Moody’s: PEPP rollout to boost insurers and ESG-focused managers
Asset managers incorporating environmental, social and corporate governance (ESG) factors into their investment processes stand to benefit from the introduction of the pan-European personal pension product (PEPP), according to credit rating agency Moody’s.
Providers with “cross-border capability and expertise in ESG investment” would be well placed to take advantage of the new market, Moody’s said, as would insurers offering personal pensions.
The PEPP regulation, adopted by the European Parliament on 4 April, includes a requirement that “savings should be invested taking into account ESG factors”, including the climate and sustainability objectives of the Paris agreement on climate change and the UN’s Sustainable Development Goals.

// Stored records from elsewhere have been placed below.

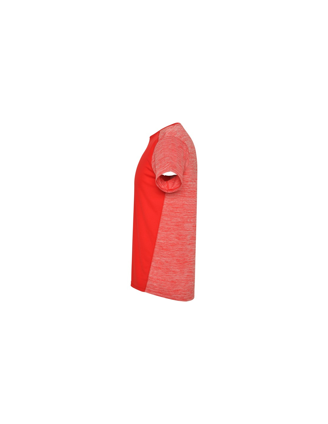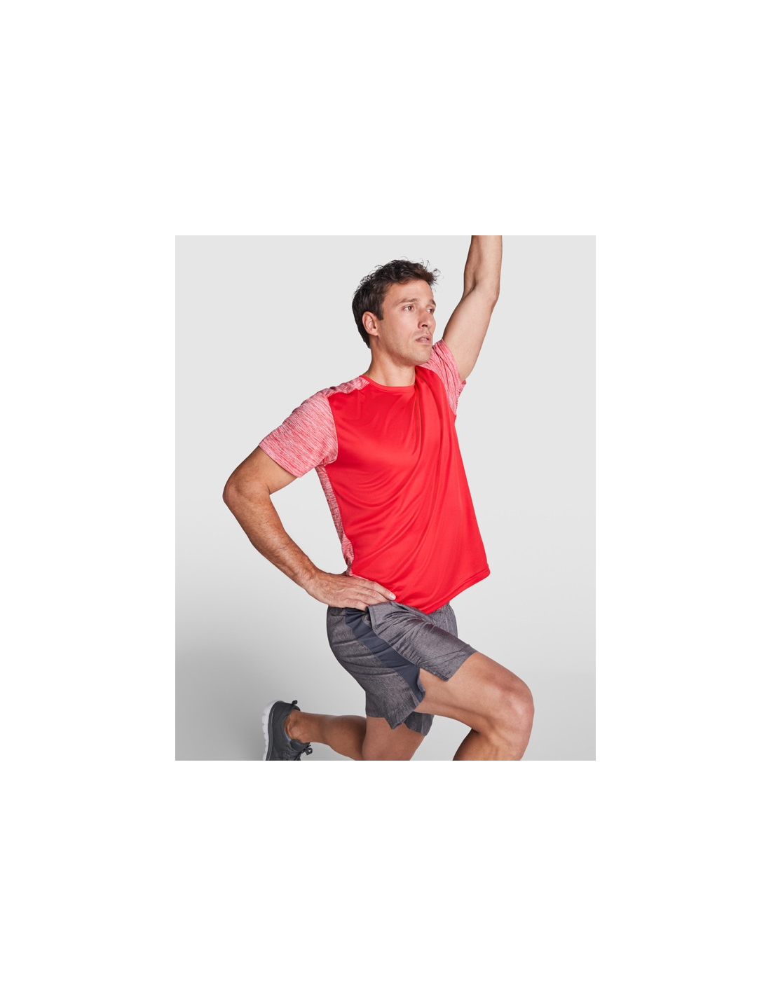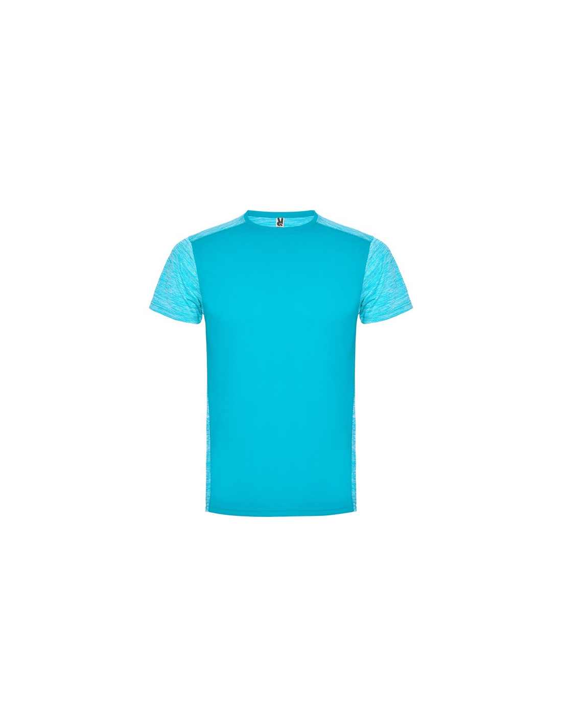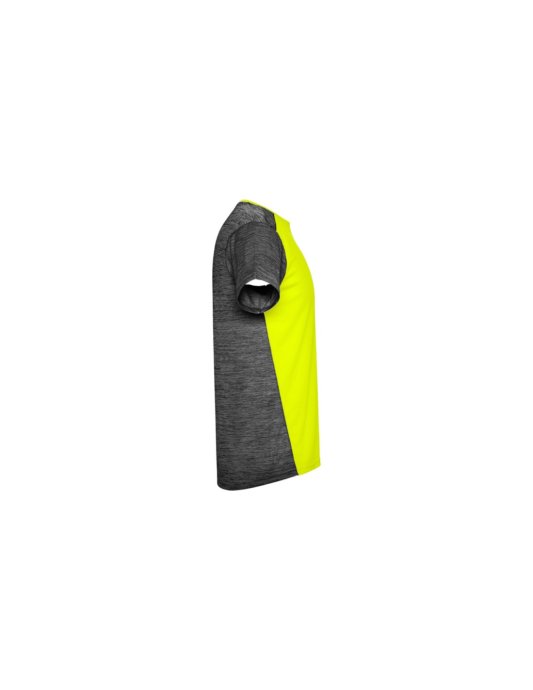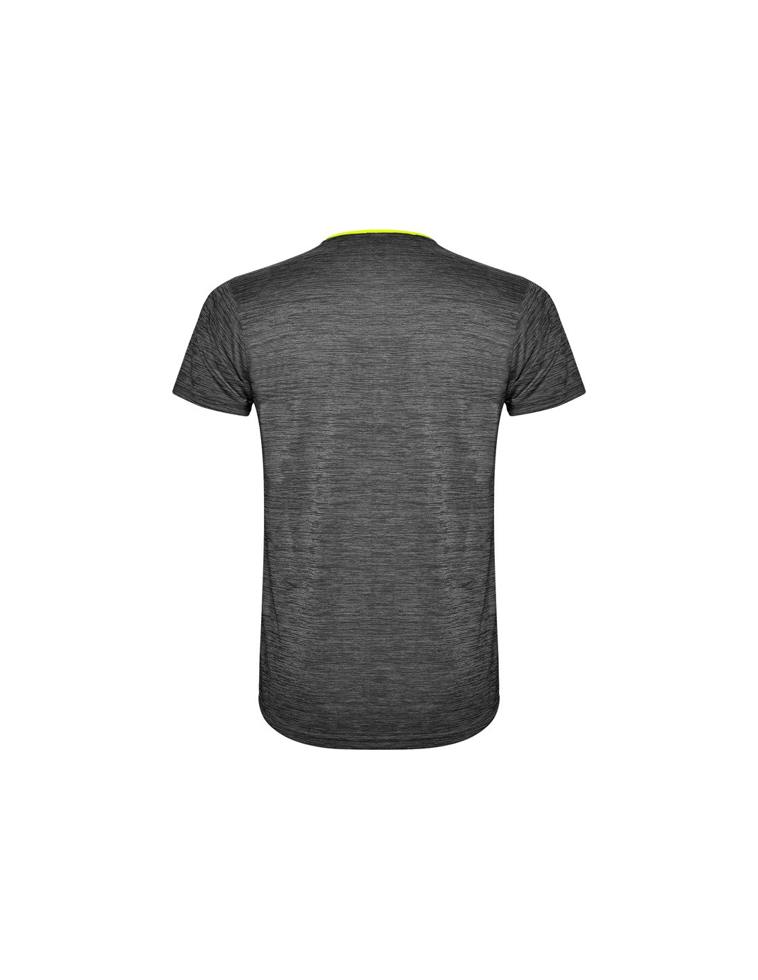 Koszulka techniczna z krótkim rękawem. 1,- Okrągły dekolt. 2.- Połączenie dwóch materiałów poliestrowych. 3,- Główna tkanina o strukturze bird´s eye, tylna część wykonana z Space Dye. 4.- Delikatnie wydłużony tył.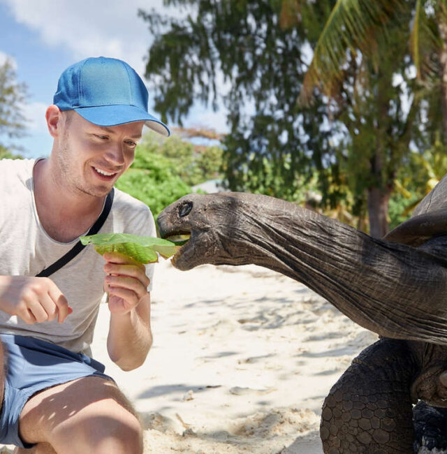 Sur terre, les voyageurs partent à vélo pour découvrir l’île d’Alphonse et sa ferme, ou rejoignent l’équipe de l’Island Conservation Society pour nourrir les bébés tortues et participer à la patrouille, contribuant ainsi à la préservation des espèces locales. La nature se dévoile également lors d’une randonnée guidée sur l’île de Saint-François ou d’une expédition sur les vastes étendues des Flats d’Alphonse.
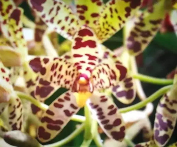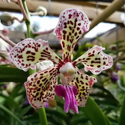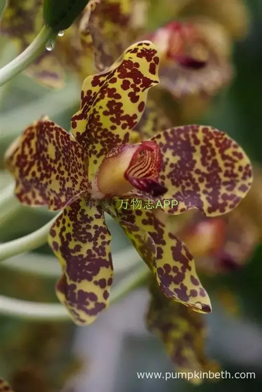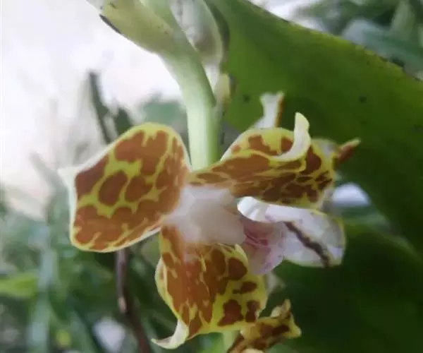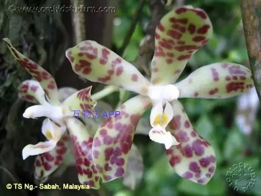 湿唇兰(学名:Hygrochilus parishii (Rchb. f.) Pfitz.):茎粗壮,长被宿存的叶鞘所包,上部具3-5枚叶。叶长圆形或倒卵状长圆形。花序1-6个,长达35厘米;疏生5-8朵花;花大,稍肉质,萼片和花瓣黄色带暗紫色斑点;萼片近相似,近宽倒卵形;花瓣宽卵形,长1.5-2.2厘米,宽1.4-1.7厘米,先端钝,具10条脉;唇瓣肉质,贴生于蕊柱基部,长约为萼片的一半,3裂。花期6-7月。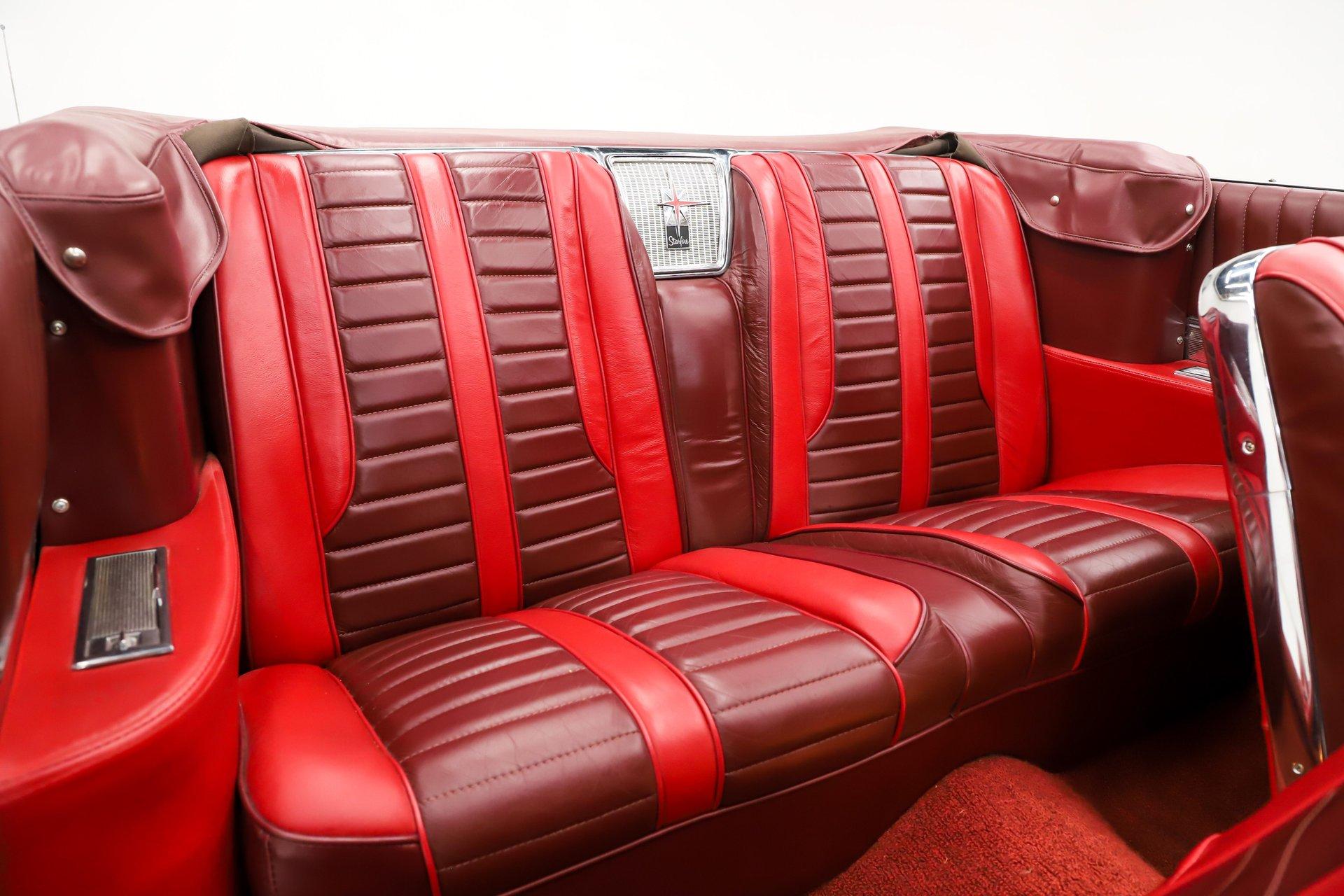 The interior is the best part of the car. Someone clearly spent good money on the genuine leather upholstery. The door panels are especially stylish, and the upper sections have been upholstered in fresh leather. The seating is very cool too, with bucket seats up front and a rear seat shaped to match. The leather extends to the seat sides as well, giving it a rich, upscale feel. The dash is full of character with plenty of trim and unique shapes, plus the clear plastic detail over the glove box and a really cool steering wheel. Even the pedals have flair. There is a modern stereo hidden in the glove box that powers the custom door panel speakers. Features include a console-mounted tachometer, power windows, power seat, Wonderbar radio, front seat belts, and a speed warning indicator.
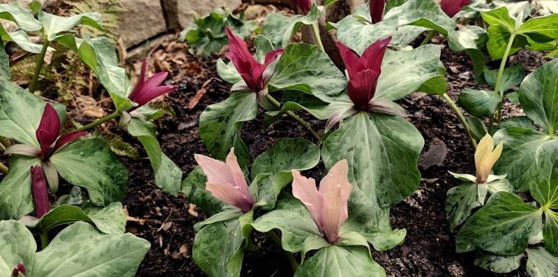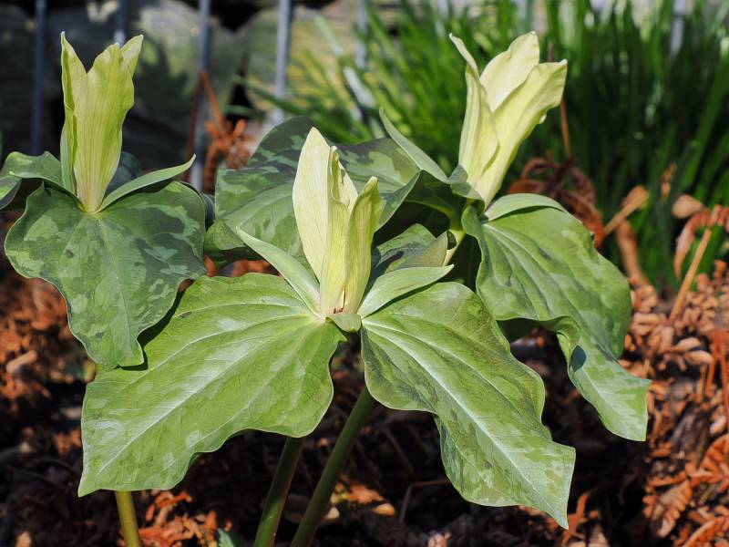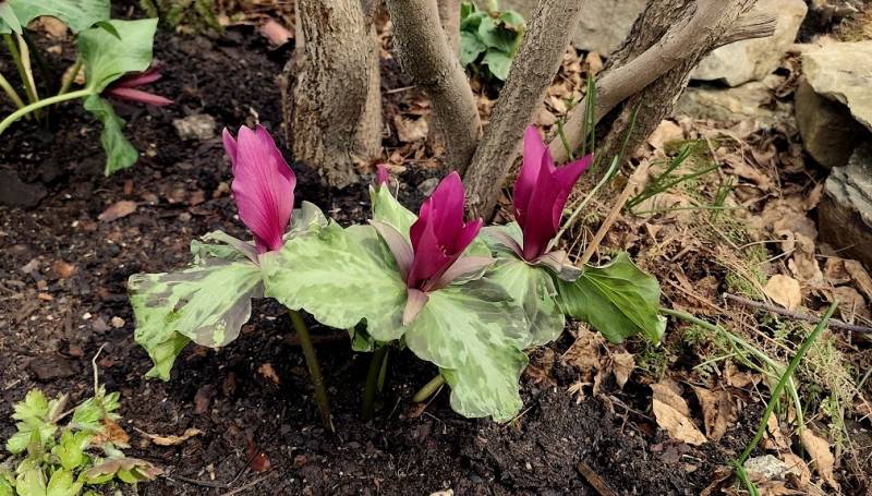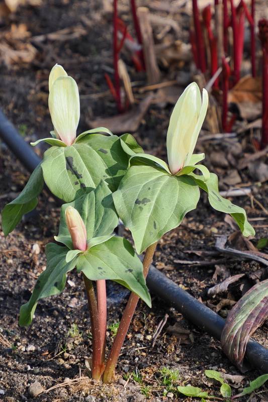 I u mnie jako pierwsze kwitną krzyżówki Trillium chloropetalum.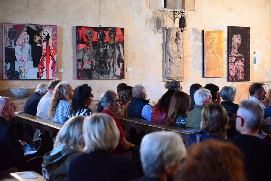 Il grande affresco sulla parete est del chiostro ha conosciuto un’attribuzione “popolare” a Giotto ma i critici moderni sono propensi nel riconoscere Dario da Treviso del 1460 come autore.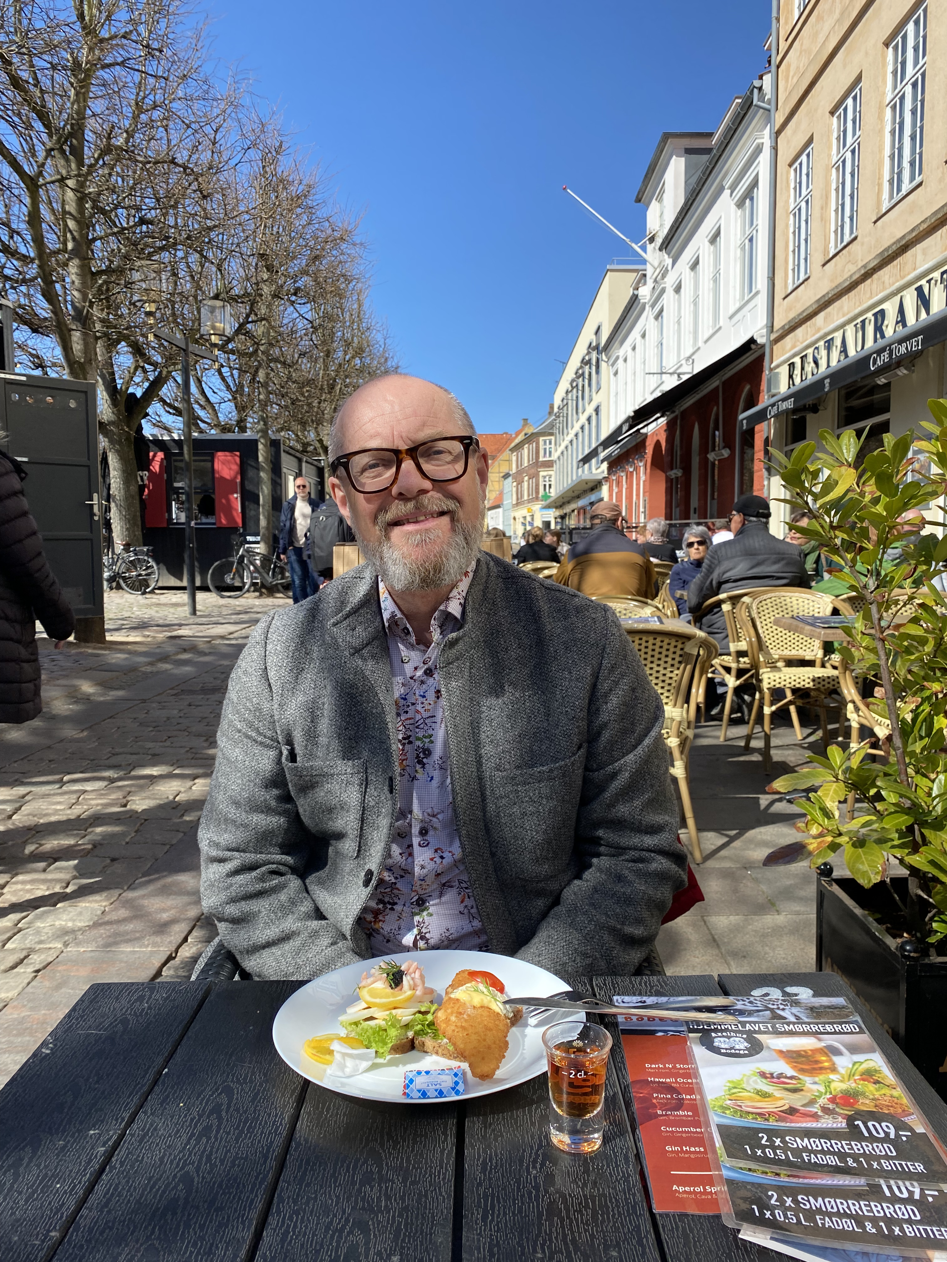 Tiden har ju gått och vi med den genom Helsingør. Vi har passerat Axeltorvet och sett restaurangerna, sett folk suga på en öl och äta något gott till i solskenet. Det är 19 april, det är i påskens efterdyningar och vi har det bra. Så vi går in på en restaurang på hörnet som utlovar smørrebrød, beställer och med det öl och för mig också en gammeldansk. Vi sätter oss i solskenet, njuter av stillheten och eftermiddagsfriden, ser i ögonvrån en milt sagt berusad stamgäst som både personal och gäster har koll på, precis som hans vän. Vi äter, njuter och konstaterar att vi har tid för backgammon, som jag kan dåligt, Z väsentligt bättre. Men jag vinner första. Hon den andra. Men istället för ett avförande parti griper rastlösheten; jag vill vidare.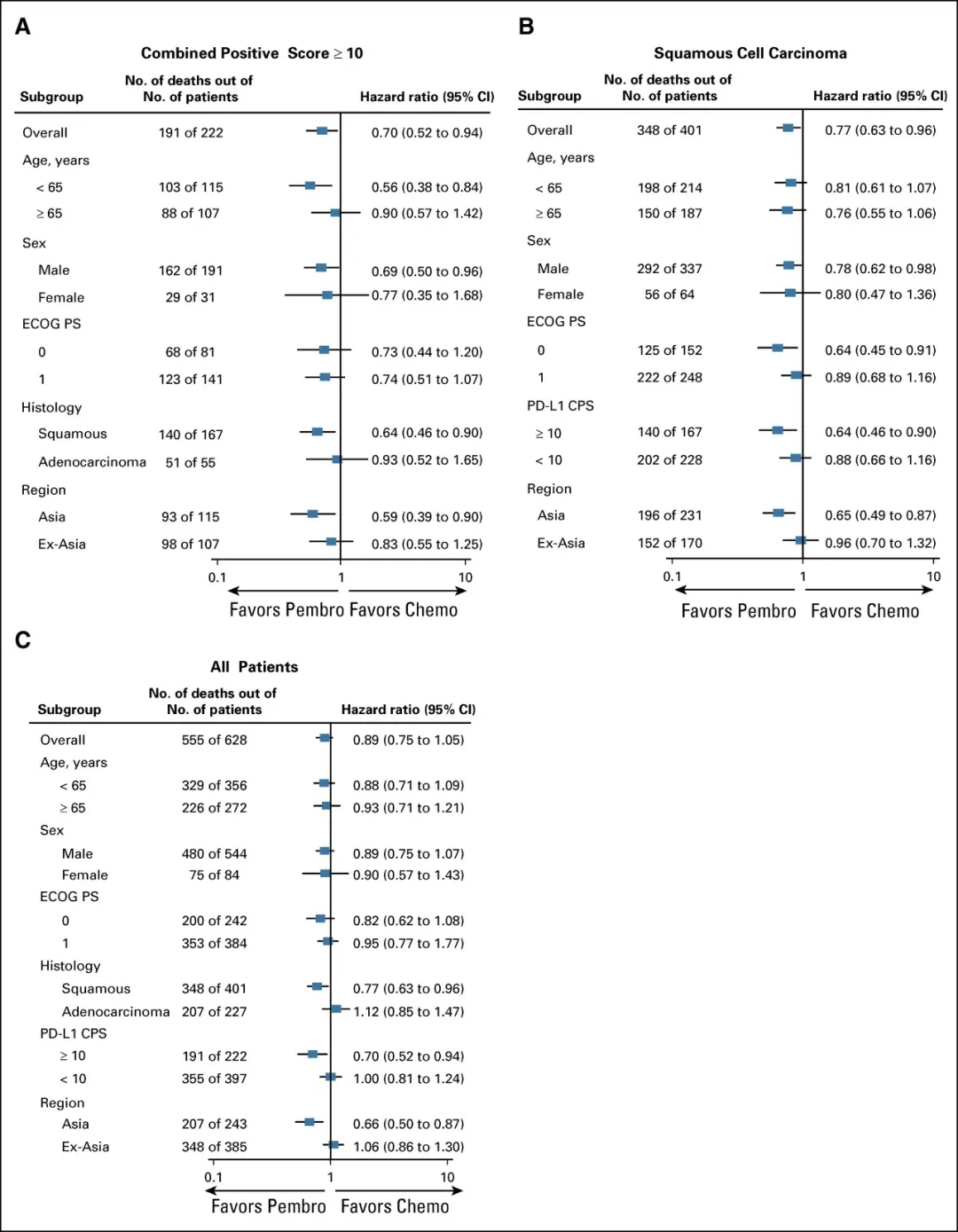 在CPS≥10的关键预设定亚组患者中,派姆单抗与化疗的生存结局通常相似,在鳞状细胞癌患者和亚洲患者中观察到最大的生存收益(图2)。

Moody’s added: “Insurers, which currently account for the bulk of the personal pension market, will benefit from expanding their primarily domestic activities to cross-border distribution in the EU, taking advantage of scale and asset pooling.”
An EY-authored study for the European Commission has forecast that personal pension assets could grow from €700m as of 2017 to €3.5trn by 2030.
Moody’s highlighted the EU’s 243m working-age citizens, and said the PEPP was likely to appeal to people who “work in an EU country other than their state of residence, and those that live in an EU country other than their state of citizenship”. The product could also be of interest to self-employed workers, the agency said.
However, data from Eurostat – the EU’s statistics bureau – show that just 0.9% of the EU’s population commuted across national borders for work in 2015.
PEPPs will be overseen by the European Insurance and Occupational Pensions Authority and include a “clear set of information” for each user, according to the European Parliament.
In addition, investors will be required to take financial advice before accessing PEPPs “to make sure savers know what they are buying and what they may expect”.
The “basic option” PEPP will have a cost cap of 1%, with investors given options for the investment risk level they want and the ability to switch providers, with switching costs also capped.